TASK: The expected output is the full data, repeated exactly, without pictures.

INPUT DATA:
-=-=-

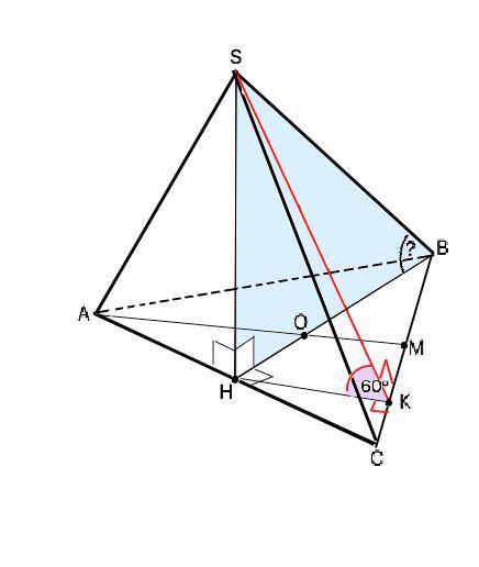 Проведем НК⊥ВС. Наклонная ЅК⊥ВС по т. о 3-х перпендикулярах. ∠ЅКН=60° (дано).
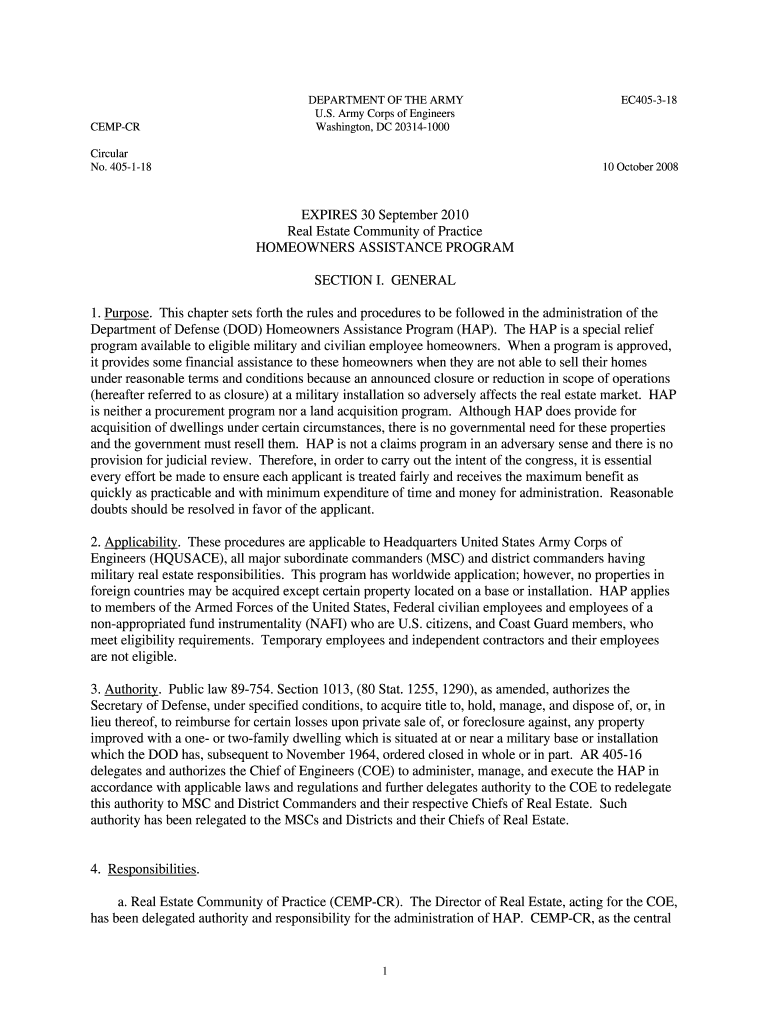 CEM PCR DEPARTMENT OF THE ARMY U.S. Army Corps of Engineers Washington, DC 203141000 Circular No. 405118 EC405318 10 October 2008 EXPIRES 30 September 2010 Real Estate Community of Practice HOMEOWNERS
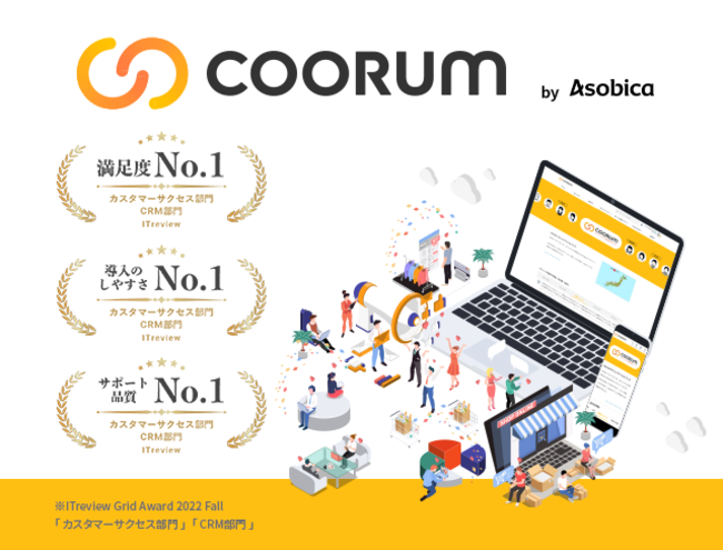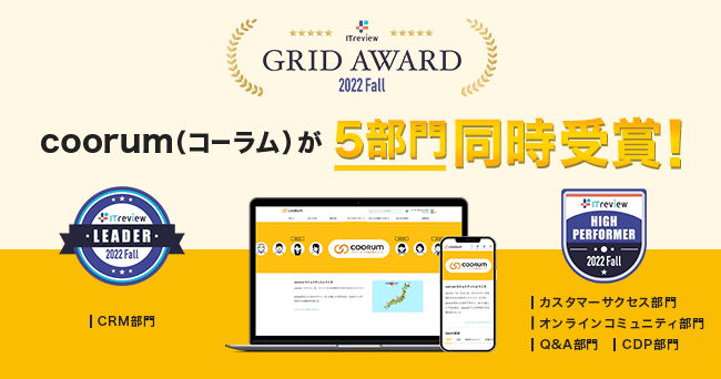 株式会社Asobica(本社所在地:東京都品川区、以下「当社」)が提供するロイヤル顧客プラットホーム「coorum(コーラム)」が、「ITreview Grid Award 2022 Fall」のCRM部門において「Leader」を受賞し、カスタマーサクセス部門・オンラインコミュニティ部門・CDP部門・Q&A部門において「HIGH PERFORMER」を受賞したことを発表いたします。

-=-=-

RESULT OF THE EXERCISE:
 Проведем НК⊥ВС. Наклонная ЅК⊥ВС по т. о 3-х перпендикулярах. ∠ЅКН=60° (дано).
 CEM PCR DEPARTMENT OF THE ARMY U.S. Army Corps of Engineers Washington, DC 203141000 Circular No. 405118 EC405318 10 October 2008 EXPIRES 30 September 2010 Real Estate Community of Practice HOMEOWNERS
 株式会社Asobica(本社所在地:東京都品川区、以下「当社」)が提供するロイヤル顧客プラットホーム「coorum(コーラム)」が、「ITreview Grid Award 2022 Fall」のCRM部門において「Leader」を受賞し、カスタマーサクセス部門・オンラインコミュニティ部門・CDP部門・Q&A部門において「HIGH PERFORMER」を受賞したことを発表いたします。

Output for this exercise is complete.